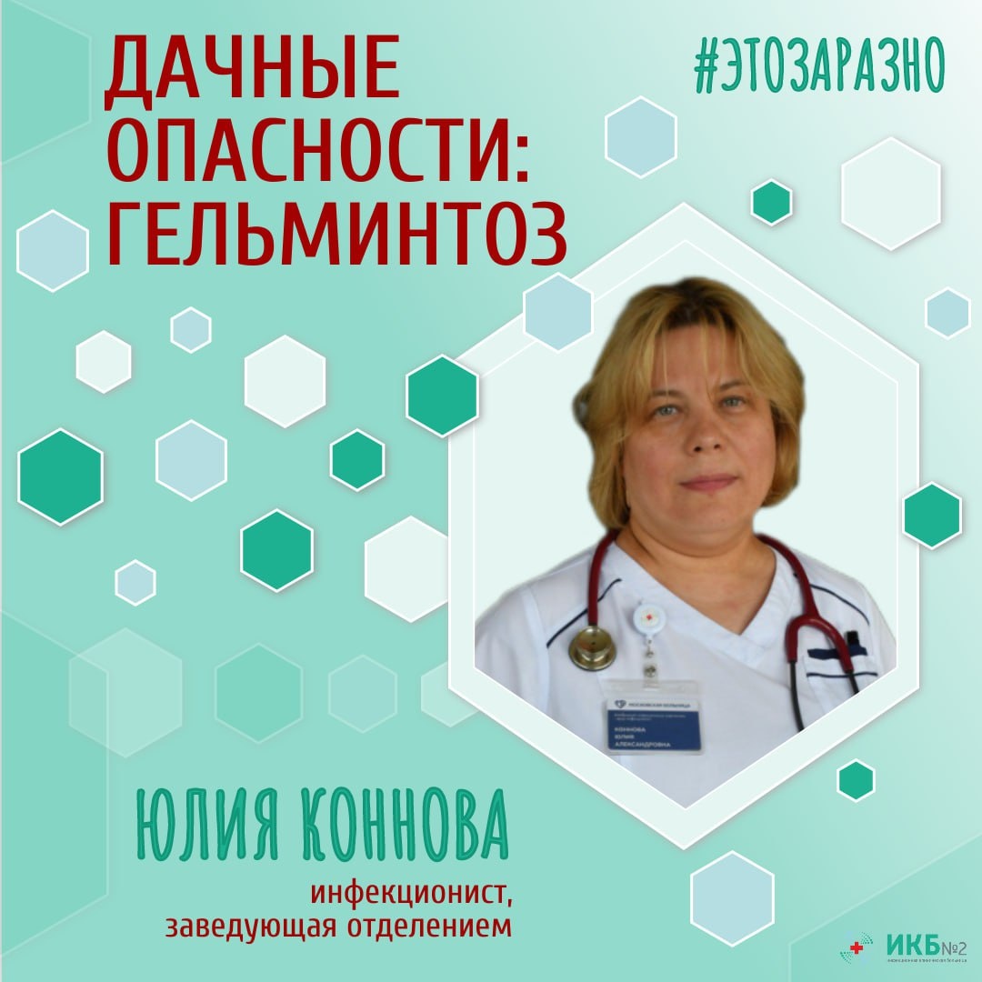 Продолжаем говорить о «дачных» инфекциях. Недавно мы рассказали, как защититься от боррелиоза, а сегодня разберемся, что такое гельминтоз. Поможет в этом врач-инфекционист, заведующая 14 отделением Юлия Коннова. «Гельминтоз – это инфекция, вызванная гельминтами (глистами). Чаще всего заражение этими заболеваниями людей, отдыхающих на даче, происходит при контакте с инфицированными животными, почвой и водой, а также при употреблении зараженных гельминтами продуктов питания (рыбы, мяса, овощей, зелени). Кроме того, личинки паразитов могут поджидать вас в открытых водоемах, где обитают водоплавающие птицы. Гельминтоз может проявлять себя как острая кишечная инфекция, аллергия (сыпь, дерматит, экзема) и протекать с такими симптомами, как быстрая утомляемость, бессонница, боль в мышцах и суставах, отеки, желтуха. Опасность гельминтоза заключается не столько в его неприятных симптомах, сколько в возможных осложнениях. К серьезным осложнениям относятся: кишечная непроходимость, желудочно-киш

^^^^

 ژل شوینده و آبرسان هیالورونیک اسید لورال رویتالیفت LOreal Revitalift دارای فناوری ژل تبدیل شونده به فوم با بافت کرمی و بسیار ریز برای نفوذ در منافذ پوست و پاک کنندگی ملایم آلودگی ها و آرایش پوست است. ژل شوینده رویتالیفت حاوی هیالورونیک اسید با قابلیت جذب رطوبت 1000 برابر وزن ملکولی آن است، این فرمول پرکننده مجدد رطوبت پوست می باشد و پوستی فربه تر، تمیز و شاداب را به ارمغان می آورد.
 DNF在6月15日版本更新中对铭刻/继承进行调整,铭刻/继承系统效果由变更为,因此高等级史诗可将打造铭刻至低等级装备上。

^^^^

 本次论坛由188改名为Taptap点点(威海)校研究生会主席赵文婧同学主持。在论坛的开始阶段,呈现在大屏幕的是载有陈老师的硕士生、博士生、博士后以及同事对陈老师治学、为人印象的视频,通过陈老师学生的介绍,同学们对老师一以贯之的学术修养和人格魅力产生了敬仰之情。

^^^^

Set down, exactly as they stand above, the lines starting with the line with "ژل شوینده و" and going on through the line with "DNF在6月15日版本更新中", and no others.

 ژل شوینده و آبرسان هیالورونیک اسید لورال رویتالیفت LOreal Revitalift دارای فناوری ژل تبدیل شونده به فوم با بافت کرمی و بسیار ریز برای نفوذ در منافذ پوست و پاک کنندگی ملایم آلودگی ها و آرایش پوست است. ژل شوینده رویتالیفت حاوی هیالورونیک اسید با قابلیت جذب رطوبت 1000 برابر وزن ملکولی آن است، این فرمول پرکننده مجدد رطوبت پوست می باشد و پوستی فربه تر، تمیز و شاداب را به ارمغان می آورد.
 DNF在6月15日版本更新中对铭刻/继承进行调整,铭刻/继承系统效果由变更为,因此高等级史诗可将打造铭刻至低等级装备上。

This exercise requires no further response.